ISLAMABAD: The National Assembly on Wednesday approved State Bank of Pakistan Amendment Bill 2011 designed to make it mandatory for the government to retire borrowing from the central bank at the end of each quarter and introduce a statutory committee to facilitate Bank's autonomy in performance of essential functions in the changing financial environment.
The bill moved by the Minister of State for Finance Khawaja Sheraz was again passed by the National Assembly largely because of some amendments proposed or effected by the Senate. The legislation imposed limitations on the federal government borrowing from the SBP that would be brought to zero at the end of each quarter barring the ways and means limits to be determined by the Central Board of the Bank from time to time. Additionally, the debt of the federal government, which it owes to the Central Bank as on April 30, 2011, would be retired not later than eight years from that date. The Finance Minister would place before the Parliament a statement giving justification of the failure if any of the above stated provisions were not met by the federal government.
According to the statement of objectives and reasons stated in the law, the 'State Bank of Pakistan Act, 1956, being an old law would benefit from being updated to bring it closer to the current emerging functions of a modem central bank and to better conform to best international practice.'
The Monetary and Fiscal Policies Co-ordination Board is redundant in terms of current practice for it is proposed to replace it and give the current Monetary Policy Committee a statutory status, with external experts to be appointed by the federal government.
The Central Board will be represented by two members on the Committee which will be responsible to formulate, decide and implement the monetary policy and decide on matters such as those relating to key interest rates, supply of reserves, exchange rate policy, and the limits and nature of advances and loans to the government.

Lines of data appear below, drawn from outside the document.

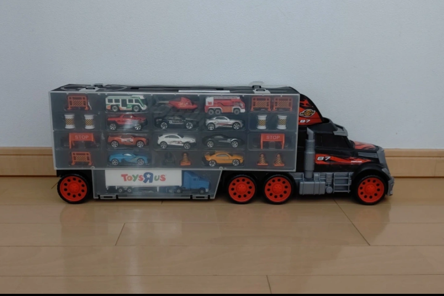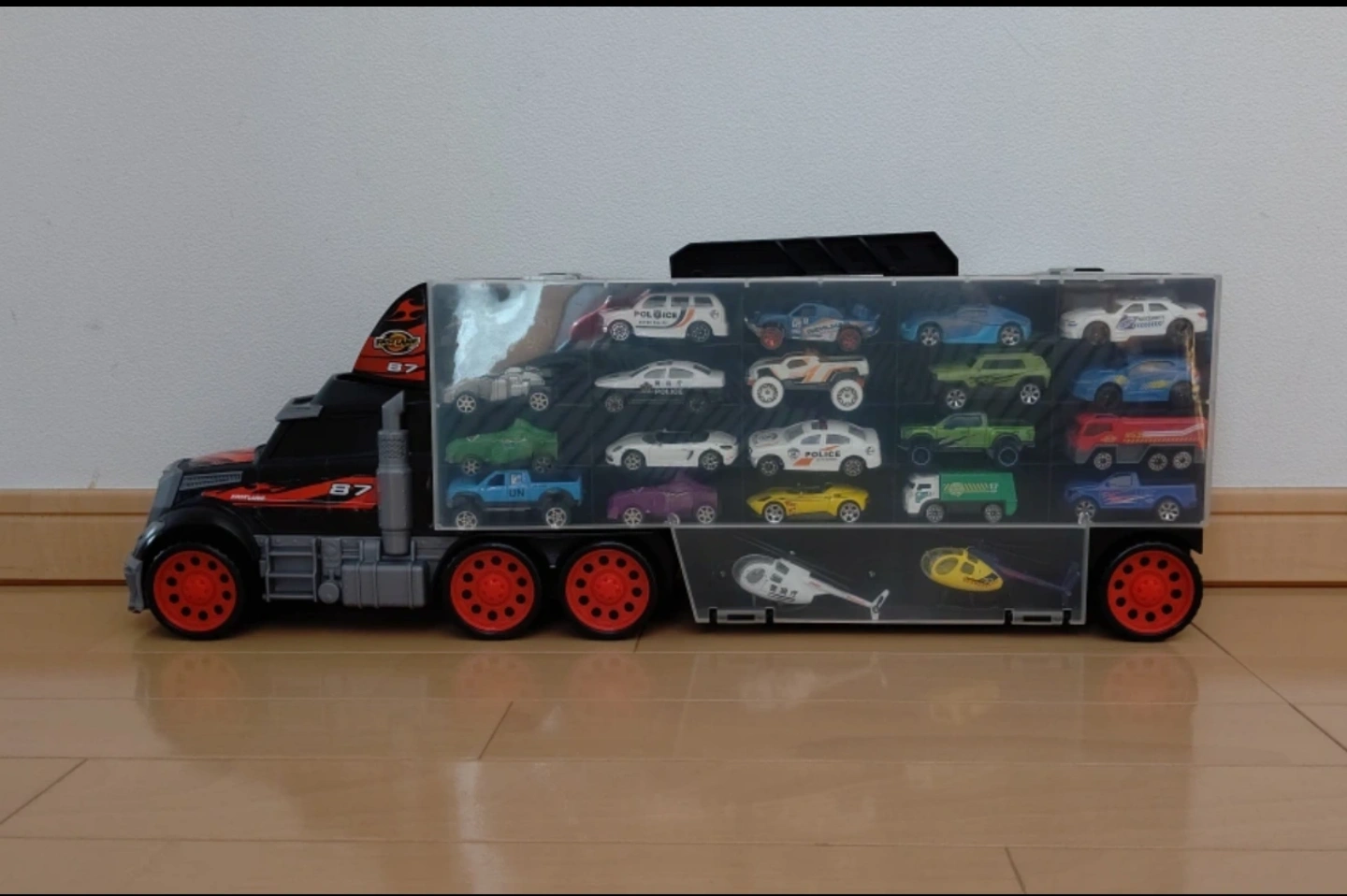 写真に写っているものが全てです。 本体は綺麗です。 ※ミニカー・付属品なしで本体のみの販売も可能です。 その場合は¥2000となります。 中のミニカーが多少傷があるものもあります。 ヘリコプターやミニカー、付属品の一部が破損しているものもあります。 写真にてご確認下さい。 ミニカーのみ入ってる側のミニカーは本来の付属品ではありません。 使わなくなったミニカーを入れました。 大きさは全長62cm、幅12cm、高さ20cm位です。 上部に収納式の取っ手が付いており、持ち運び出来ます。 運転席の上部にミニカーを入れて遊ぶこともできます。 運転席の前方からミニカーが出てきます。
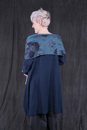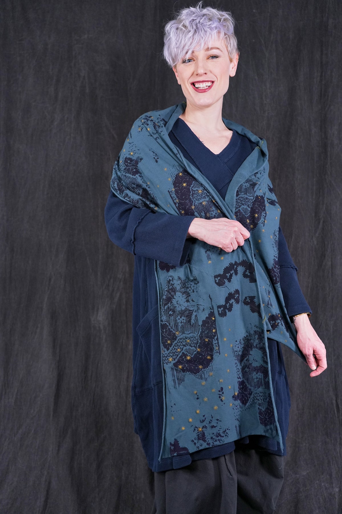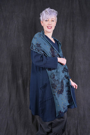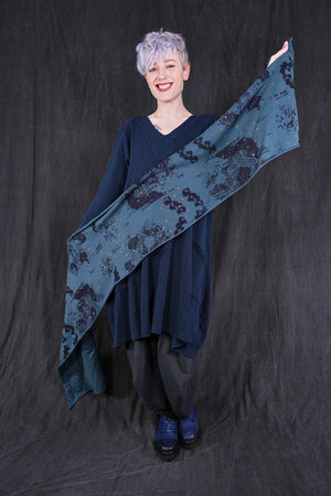 Antique textile design inspiration blends with subtle star details in bronze gold. Goes well with Atlantic color from CROCUS. A beautiful scarf made of our favorite organic jersey material. Intricate hand-printed art inspired adds visual delight to every ensemble--zoom in on these pictures to see all of the beautiful details!
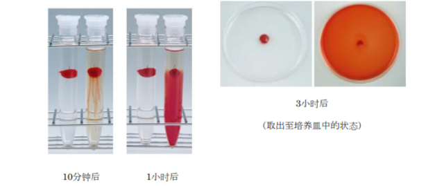 NKCP对人工血栓的溶解作用:在含有人工血栓的生理盐水中加入少量NKCP,几分钟后血栓即开始溶解,3小时后血栓几乎完全被溶解。(各枚照片的左侧为作为对照的生理盐水,右侧为加入了NKCP的生理盐水)
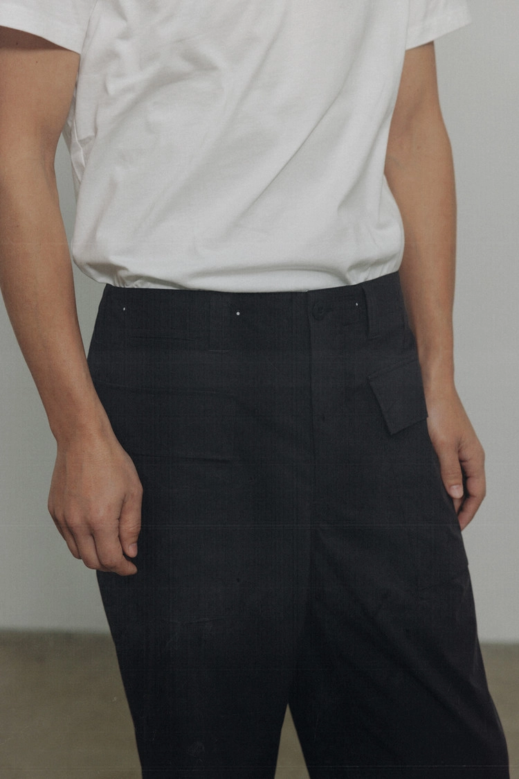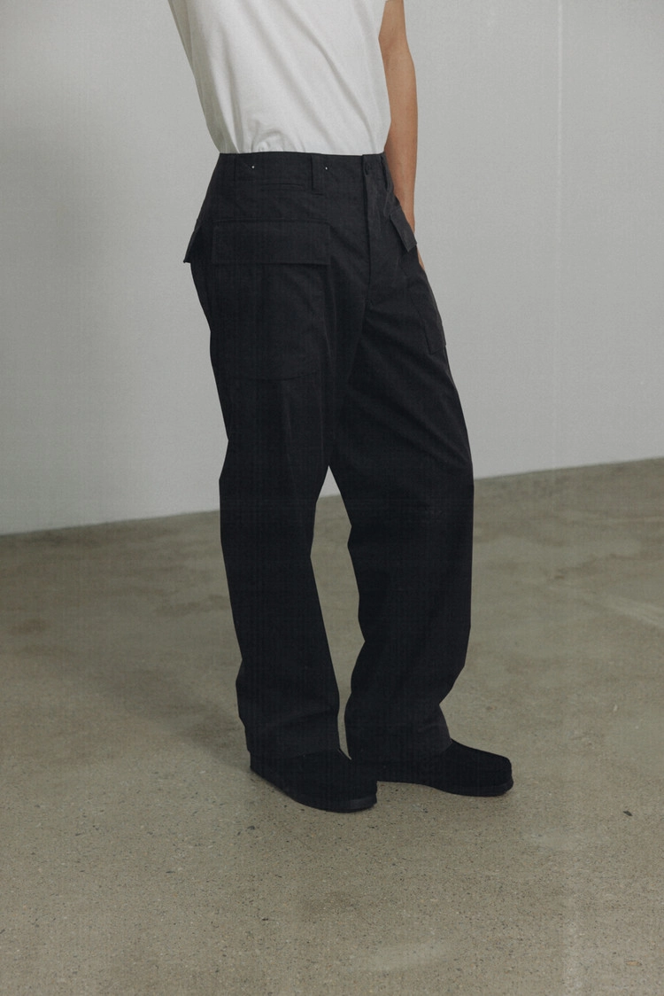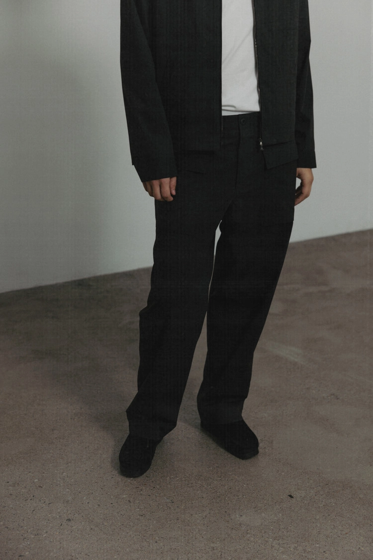 전면과 후면의 입체적인 포켓, 허리 밴드의 통기성 및 허리 조절 기능을 갖춘 디테일이 특징인 제품입니다. 포켓 안쪽까지 세심하고 섬세한 스티치 작업을 거쳤으며, 다양한 무거운 물건을 수납할 수 있도록 이중으로 덧댄 구조로 제작되었습니다. 저압 가공 배선을 정리하는 전기원들이 실제 사용할 수 있도록 실용성을 고려한 디자인입니다. 1943년 HBT 몽키팬츠에서 영감을 받아 현대적으로 재해석한 제품입니다.
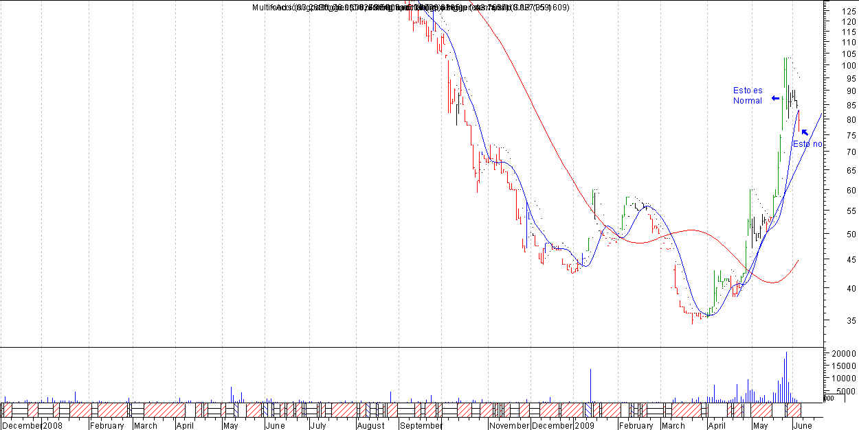 Segundo. Los que operan en el corto plazo deben tratar de salir lo más cerca del top posible (salir en el top consistentemente es casi imposible por lo que se debn esperar señales como consolidaciones de corto plazo o reversals). Si bien las pausas siempre se pueden dary permitir reingresar, tal como en el gráfico de Paz, nunca son pausas hasta que podemos definir un día de escape de la pausa hacia arriba. Si uno entra en la pausa misma corre el riesgo de que el retracement llegue mucho más abajo y corre el riesgo de quedar atrapado en una posición en donde, si bien se supone que hay un futuro, el tiempo puede pasar sin que nos de lo que entramos a buscar. Y el tiempo es un factor muy relevante cuando se invierte a corto plazo, debido al alto costo de oportunidad que se genera. Este ejemplo es perfecto debido a que se dio la pausa, con zona de tráfico normal, pero el escape que sucede es contrario a lo que estabamos esperando, apunta hacia abajo en vez de hacia arriba... no es lo normal, o al menos no lo que queríamos que fuera lo normal...
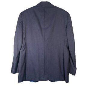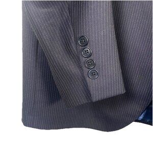Elevate your formal style with this sleek Brooks Brothers blazer in a classic navy pinstripe. The timeless design features a regular 43 size and jacket/coat length, making it a perfect fit for any business occasion. Crafted from high-quality wool material, this sport coat offers both comfort and durability.
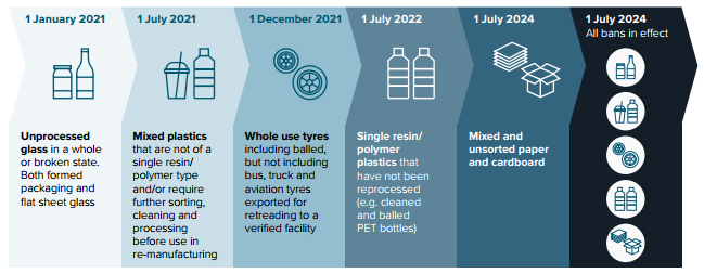 A staged timetable for different waste types begins in 2021, and most waste materials will need to be managed or pre-processed (in preparation for export) domestically by July 2024 (see Figure 9.2).15
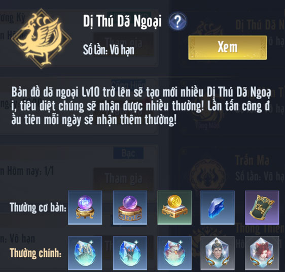 - Dị Thú Dã Ngoại: người chơi có cơ hội nhận được Thần Ấn Dương Tiền và Thần Ấn Đát Kỷ khi tham gia hoạt động.
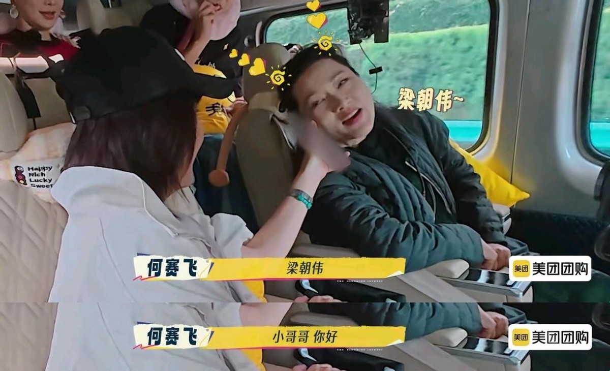 刘嘉玲出于礼貌,又让梁朝伟和何赛飞、刘晓庆打招呼,何赛飞嗲嗲的一句“梁朝伟小哥哥,你好呀”,又让尴尬浓郁了几分。
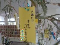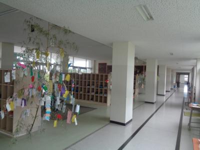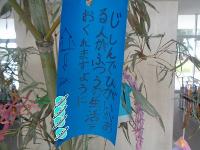 先週、児童玄関に大きな笹が3本立てかけられました。

The main object behind the introduction of this statutory committee is to facilitate the State Bank's autonomy in performance of its essential functions in the changing financial environment. Consequently, various sections in the Act have also been amended in order to bring them in line with the role of the Monetary Policy Committee. Lending to the government has been restricted by insertion of a new section and emergent functions pertaining to open market and credit operations and international reserves have been elaborated and clarified by substitution of the existing sections.
The Section 52 of the SBP Act which provided for the supersession of the Central Board by the federal government since the time the State Bank was privately owned has been repealed in conformity with the current autonomy of the Central Bank, and international practices. These amendments will make the law more conducive to the changing global economic and regulatory environment and will better enable the central bank to function on modern lines.